Удивительно, насколько сильно мне хочется ту жизнь, которую я нарисовал в своем воображении. Мое сердце отбивает барабанной дробью, подумывая о Кайре, такой разгоряченной и улыбающейся мне после долгой ночи интенсивного спаривания. О Кайре с животиком, округленным моим ребенком. О Кайре, кормящей крошку, полуша-кхай — получеловека, с розовым хвостиком и рожками — коротышками. Как бы выглядел наш ребенок?
Погрузившись в своих блаженных мыслях, я продолжаю разговаривать со своей находящейся в бессознательном состоянии парой.
КАЙРА
Такое чувство, что у меня не голова, а разбитая тыква. Боль в моем мозгу так и колотится, и я остаюсь абсолютно неподвижной, надеясь, что из-за полного отсутствия движений мучительная агония рассеется. А пока я тихонько лежу, то вслушиваюсь в нежный, тихий голос.

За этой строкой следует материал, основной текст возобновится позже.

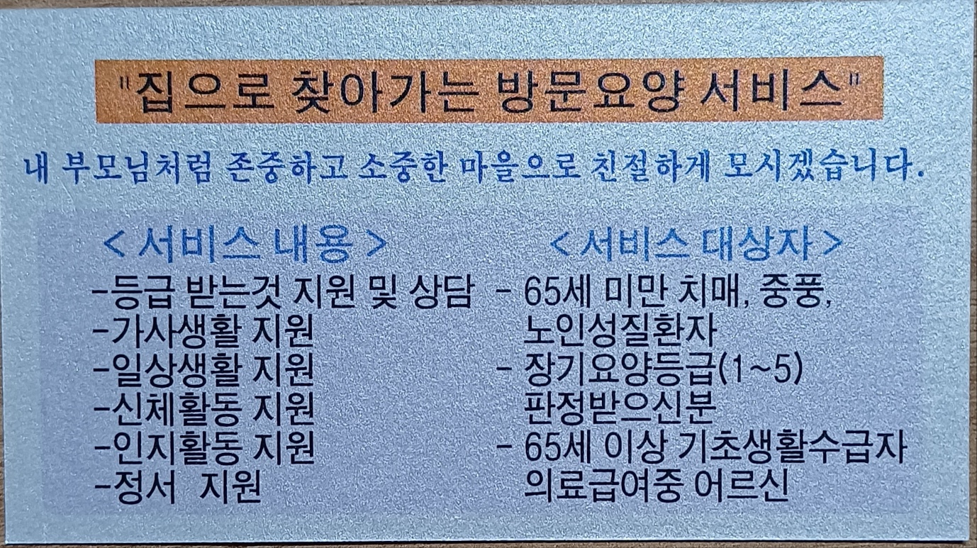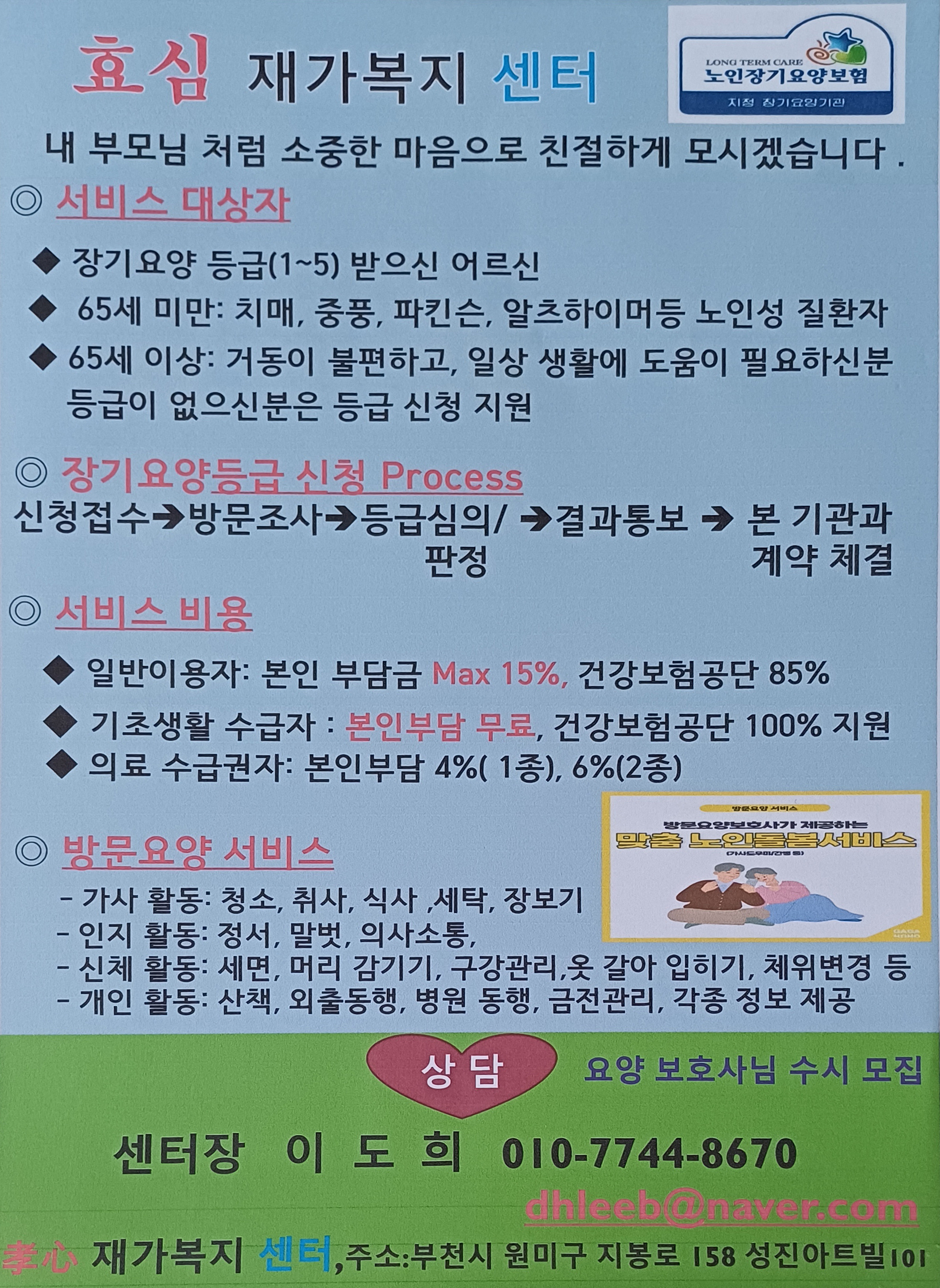 안녕하세요. 저희 효심 재가복지 센터에서는 어르신들께서 살고 계신 댁에서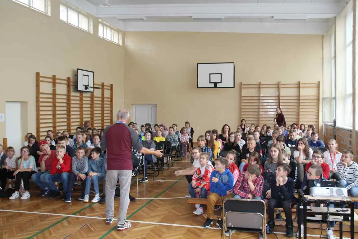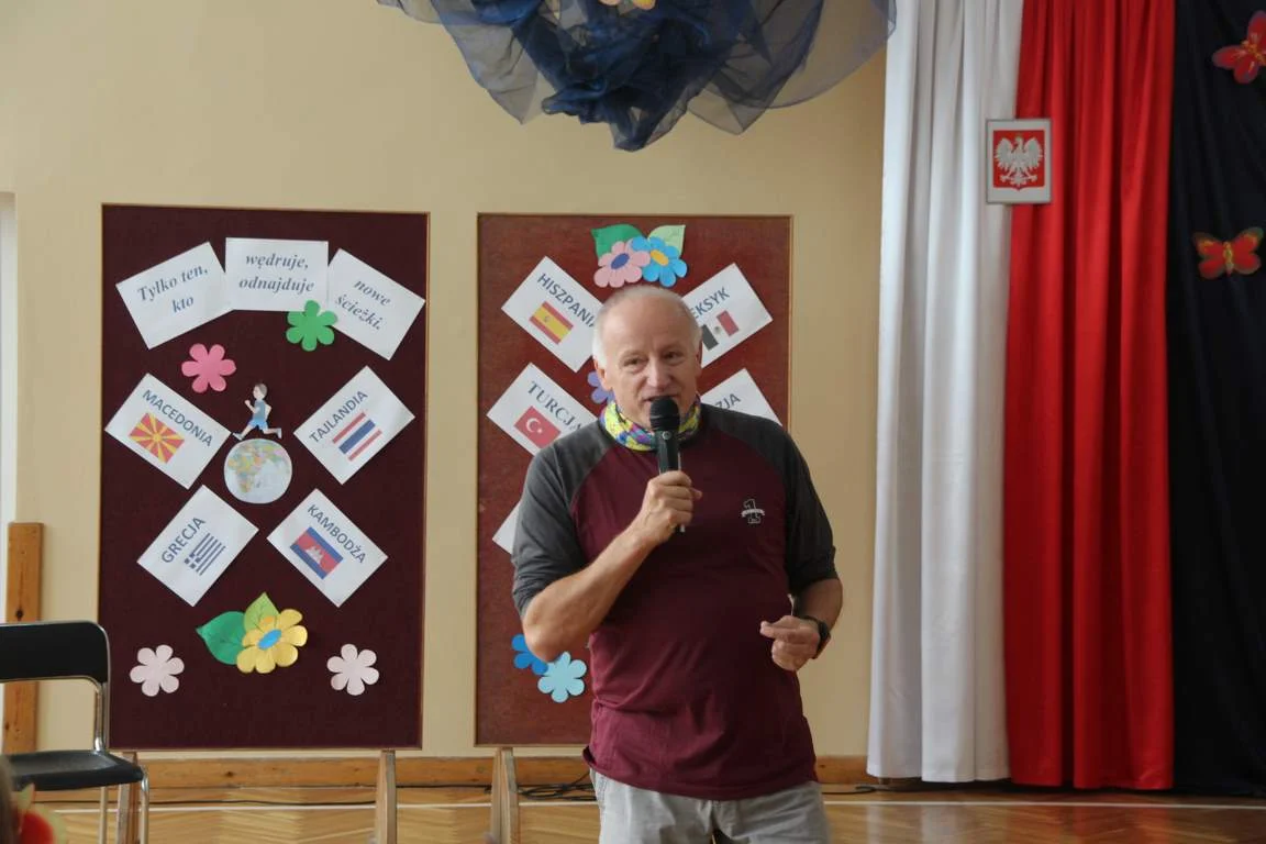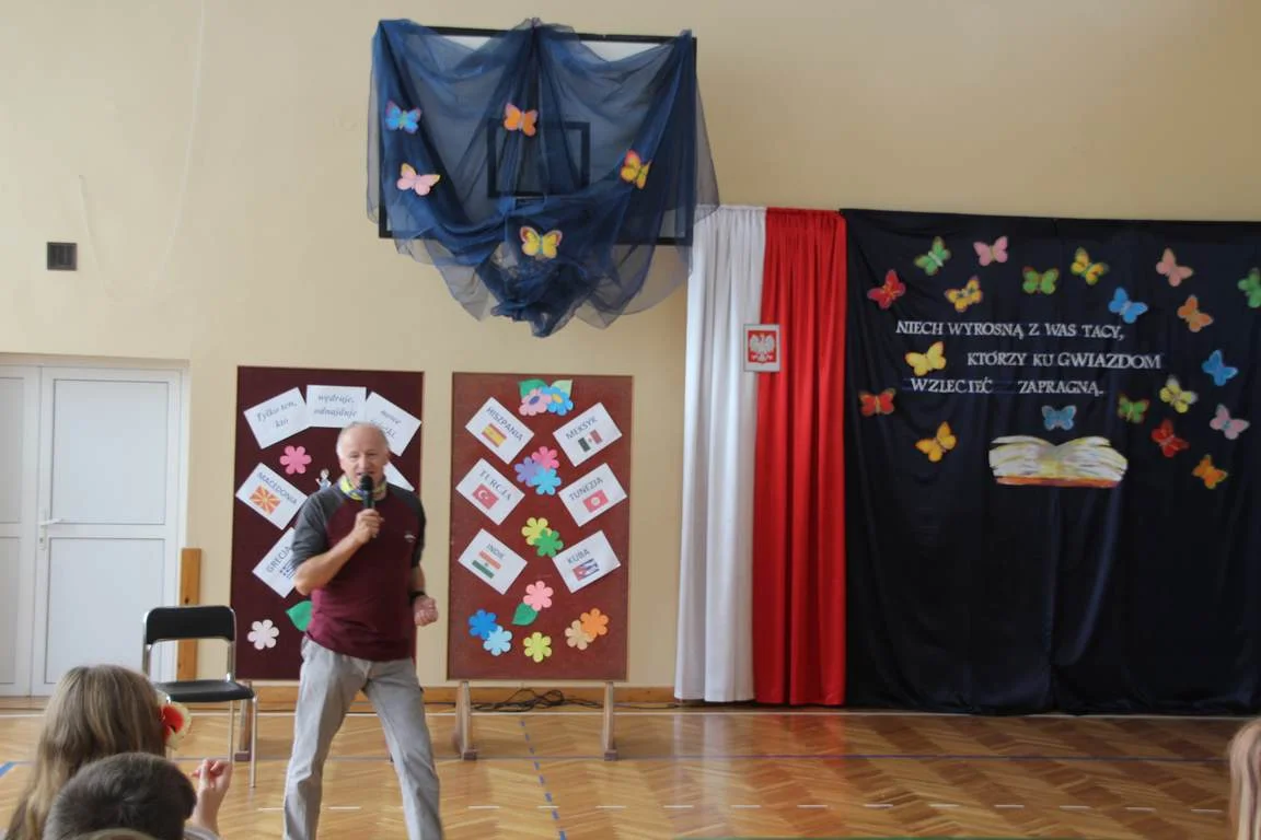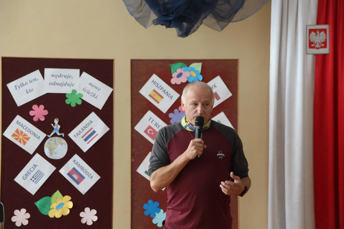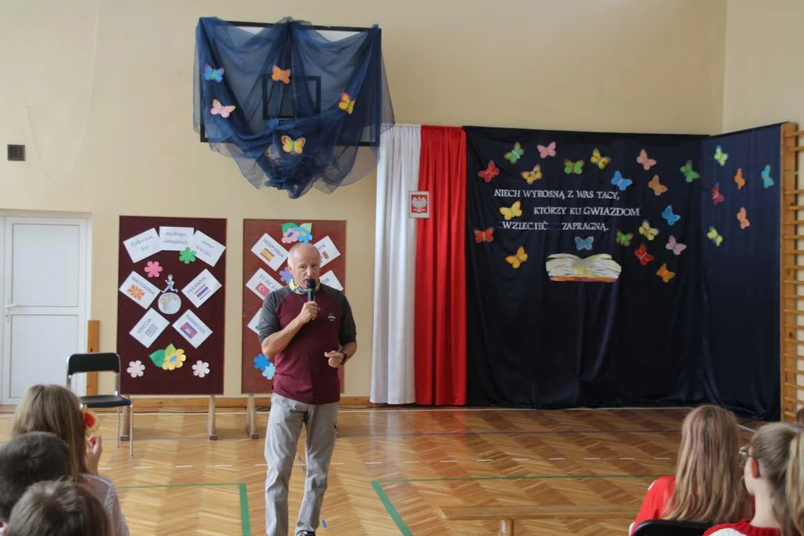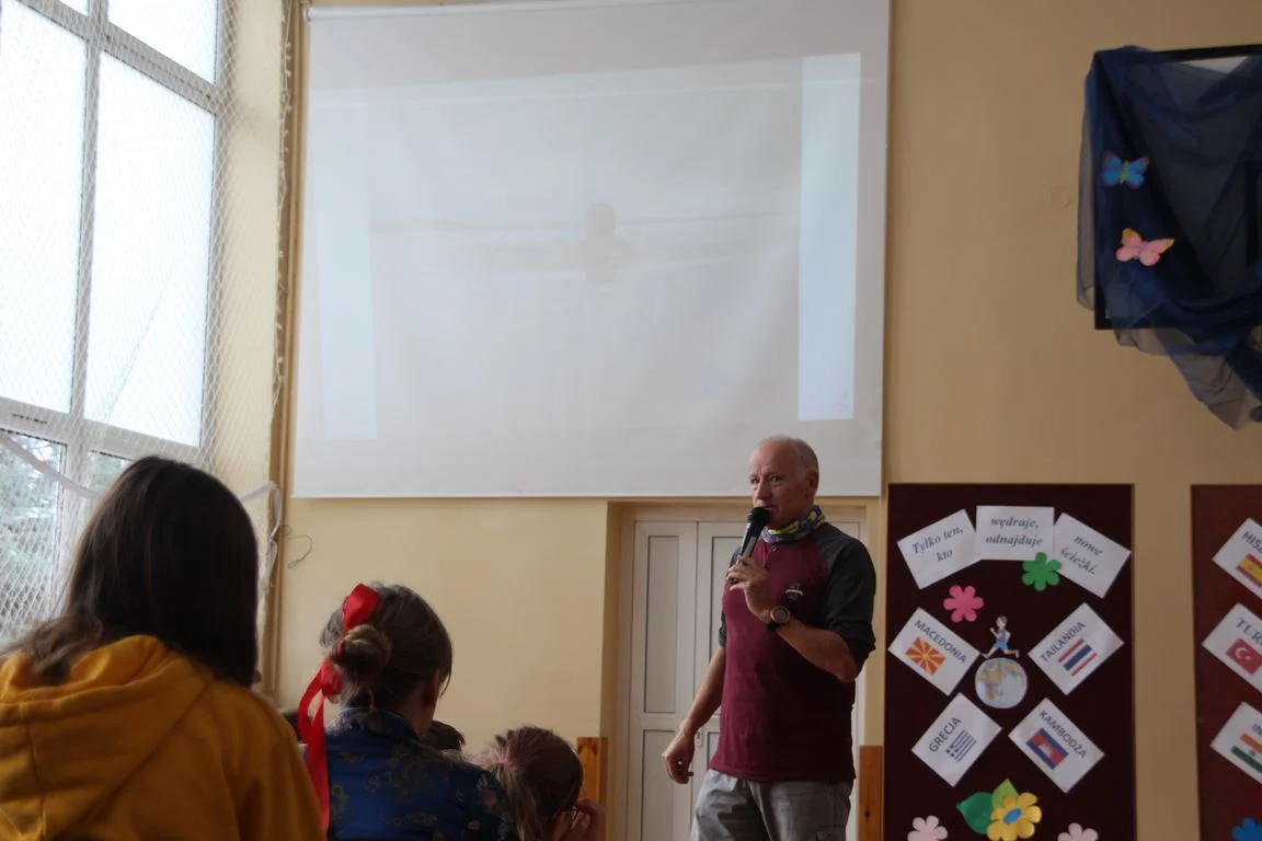 Niezwykły dzień uświetniło przybycie Pana Pawła Hofmana, zapalonego biegacza i globtrotera. Podczas spotkania z uczniami zaproszony gość opowiadał o swej sportowej pasji i biegowych podróżach.

— Наверное, мне придется нагромоздить кучу дополнительных навозных кусочков в дальний конец нашей пещеры, чтобы я мог постоянно поддерживать огонь для тебя. Просто нужно что-нибудь придумать, чтобы замаскировать запах. Может, смесь кое-каких трав Mэйлак. К тому же я знаю, что ты любишь, чтобы твое мясо было приготовлено, так что стоит не забывать и об этом. А для ночных часов, когда становится слишком холодно, мы можем нагревать немного снега в пузыре пернатого зверя. Можем их по привычке заготавливать и укладывать тебе под ноги, чтобы в ночное время твои шкуры были теплыми. Тем не менее, я буду заботиться о том, чтобы ты была счастлива и чувствовала себя уютно, — крупные пальцы Аехако прослеживают мою челюсть. — Но я буду о тебе заботиться.
От его успокаивающих прикосновений моя головная боль немного утихает. Меня держат в крепких объятиях и прижимают к крепкой груди так, что моя ладонь лежит прямо под сердцем. Я окутана его руками, прижата к нему, и такое чувство…, словно я дома. Я держу свои глаза закрытыми, безмятежно расслабляясь в тихом шепоте его голоса, когда он рассказывает мне все о своих планах относительно «нашей» пещеры и о том, как мы будем переносить жестокий сезон — зиму — заодно и всех прочих планов, которые он для нас наметил. Надо признать, что слушая, как он рассказывает о своих планах относительно нас двоих вместе, меня наполняет невероятно огромная тоска и чрезвычайно робкая радость.
Радость, потому что обустраивание уютной пещеры вместе с ним звучит невероятно чудесно, и я до сих пор не могу поверить, что кто-то настолько веселый и сексуальный, как он, заинтересован в ком-то настолько тихом, как я.
Тоска, потому что он начинает рассказывать о малышах и о времени, когда у меня появятся его дети.